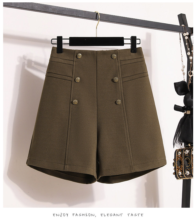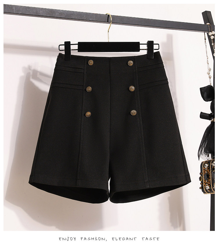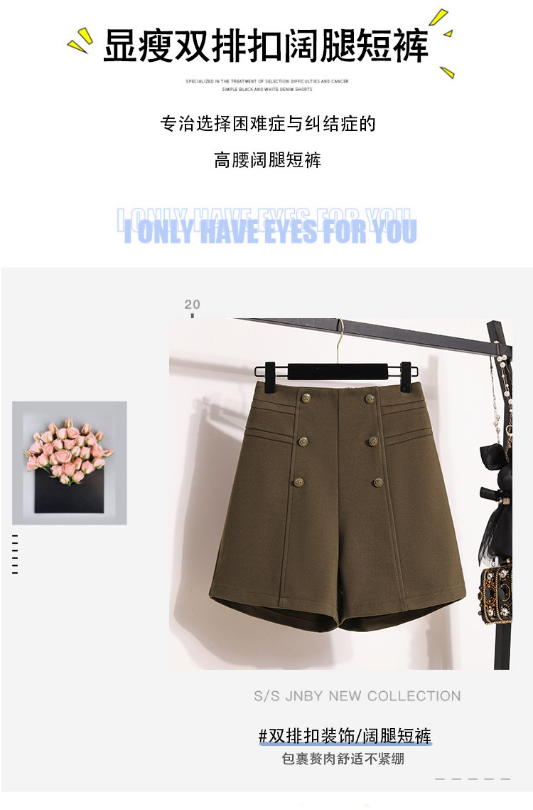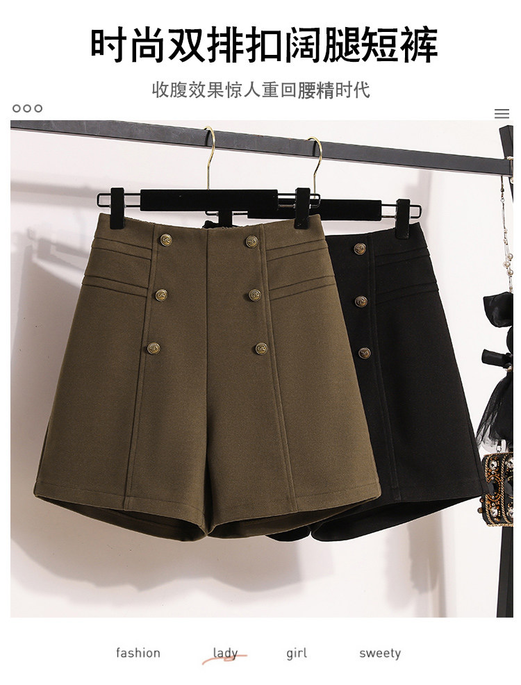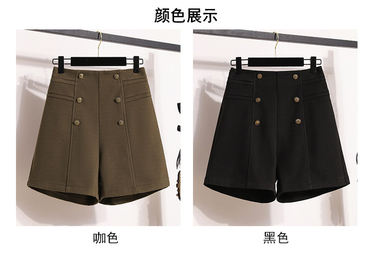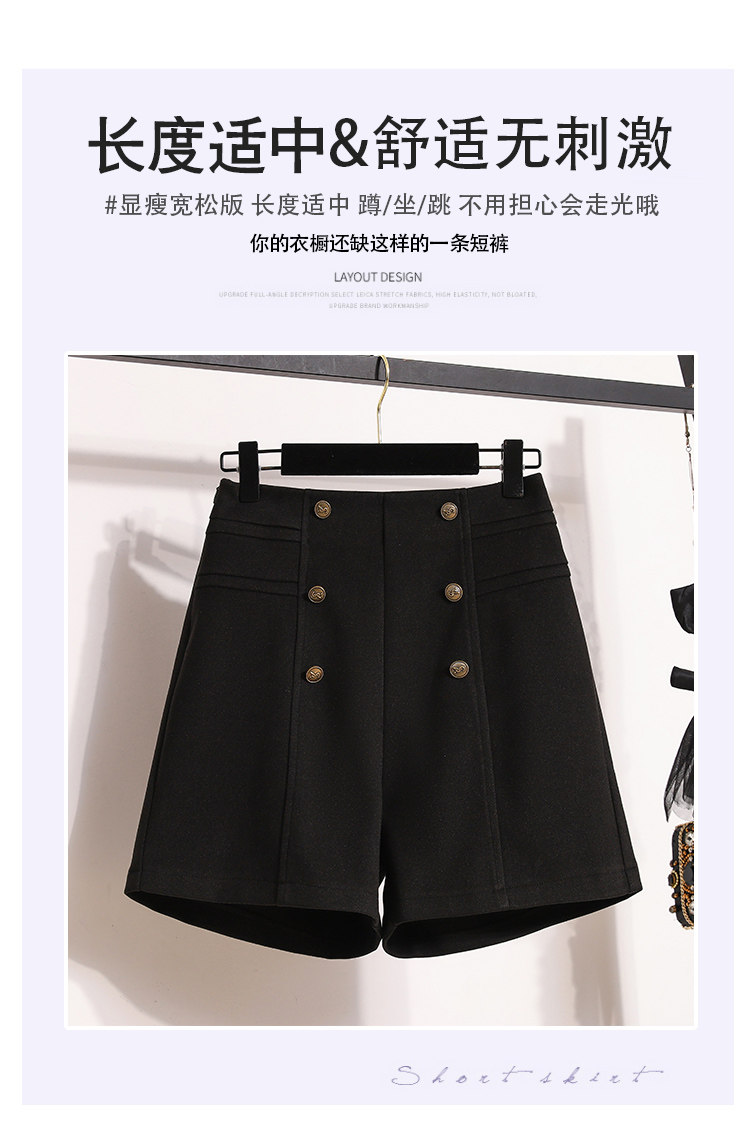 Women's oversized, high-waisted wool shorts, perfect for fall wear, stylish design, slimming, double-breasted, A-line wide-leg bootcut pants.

...

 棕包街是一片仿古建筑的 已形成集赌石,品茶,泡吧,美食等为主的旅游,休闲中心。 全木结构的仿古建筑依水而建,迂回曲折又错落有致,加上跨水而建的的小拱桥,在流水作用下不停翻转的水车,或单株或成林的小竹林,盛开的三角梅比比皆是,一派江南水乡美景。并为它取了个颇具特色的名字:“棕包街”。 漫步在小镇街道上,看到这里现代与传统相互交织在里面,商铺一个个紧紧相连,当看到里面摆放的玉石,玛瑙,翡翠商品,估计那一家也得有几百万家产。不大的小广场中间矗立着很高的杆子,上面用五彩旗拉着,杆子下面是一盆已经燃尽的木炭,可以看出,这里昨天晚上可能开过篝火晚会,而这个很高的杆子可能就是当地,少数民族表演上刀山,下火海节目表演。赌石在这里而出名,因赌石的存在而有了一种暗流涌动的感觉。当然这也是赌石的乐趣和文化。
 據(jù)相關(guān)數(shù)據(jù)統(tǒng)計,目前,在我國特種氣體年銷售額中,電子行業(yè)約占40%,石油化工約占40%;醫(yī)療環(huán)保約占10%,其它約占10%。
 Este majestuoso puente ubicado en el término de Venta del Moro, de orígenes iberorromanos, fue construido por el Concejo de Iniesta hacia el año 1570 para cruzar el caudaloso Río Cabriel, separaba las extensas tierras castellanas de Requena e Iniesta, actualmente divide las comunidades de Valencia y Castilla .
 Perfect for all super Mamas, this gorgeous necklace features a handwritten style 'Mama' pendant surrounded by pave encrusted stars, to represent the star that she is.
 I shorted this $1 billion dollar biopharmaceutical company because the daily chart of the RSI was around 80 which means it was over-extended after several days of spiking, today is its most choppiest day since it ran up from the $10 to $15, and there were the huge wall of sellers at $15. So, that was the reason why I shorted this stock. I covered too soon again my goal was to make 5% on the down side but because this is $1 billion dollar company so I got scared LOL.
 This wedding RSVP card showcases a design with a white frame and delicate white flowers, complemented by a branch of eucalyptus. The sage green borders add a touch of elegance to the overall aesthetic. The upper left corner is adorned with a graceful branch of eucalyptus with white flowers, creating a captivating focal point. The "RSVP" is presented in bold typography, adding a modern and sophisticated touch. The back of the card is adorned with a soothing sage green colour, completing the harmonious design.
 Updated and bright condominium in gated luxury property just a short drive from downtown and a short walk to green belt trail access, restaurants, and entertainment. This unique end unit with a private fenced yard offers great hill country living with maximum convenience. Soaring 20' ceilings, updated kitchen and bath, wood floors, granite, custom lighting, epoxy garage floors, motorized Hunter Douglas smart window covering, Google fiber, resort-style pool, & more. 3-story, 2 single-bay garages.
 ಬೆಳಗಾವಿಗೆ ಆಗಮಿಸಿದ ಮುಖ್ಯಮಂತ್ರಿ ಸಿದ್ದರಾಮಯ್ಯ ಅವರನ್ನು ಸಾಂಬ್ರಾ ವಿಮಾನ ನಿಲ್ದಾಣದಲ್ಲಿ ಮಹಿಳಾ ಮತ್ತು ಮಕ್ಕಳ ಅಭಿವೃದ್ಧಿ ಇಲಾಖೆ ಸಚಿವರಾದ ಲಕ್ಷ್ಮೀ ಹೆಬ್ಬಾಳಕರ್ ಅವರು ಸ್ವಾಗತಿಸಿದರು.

* * *

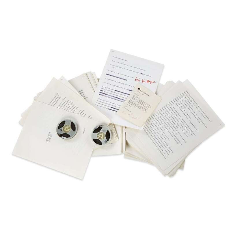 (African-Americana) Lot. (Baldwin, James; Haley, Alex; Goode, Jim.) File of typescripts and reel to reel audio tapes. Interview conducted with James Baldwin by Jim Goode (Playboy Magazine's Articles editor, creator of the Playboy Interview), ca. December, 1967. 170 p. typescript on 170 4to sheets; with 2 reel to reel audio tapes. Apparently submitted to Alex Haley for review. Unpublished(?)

Work to complete: Go through the listing above and return every line where the word "that" occurs.

Response area:
 Perfect for all super Mamas, this gorgeous necklace features a handwritten style 'Mama' pendant surrounded by pave encrusted stars, to represent the star that she is.
 I shorted this $1 billion dollar biopharmaceutical company because the daily chart of the RSI was around 80 which means it was over-extended after several days of spiking, today is its most choppiest day since it ran up from the $10 to $15, and there were the huge wall of sellers at $15. So, that was the reason why I shorted this stock. I covered too soon again my goal was to make 5% on the down side but because this is $1 billion dollar company so I got scared LOL.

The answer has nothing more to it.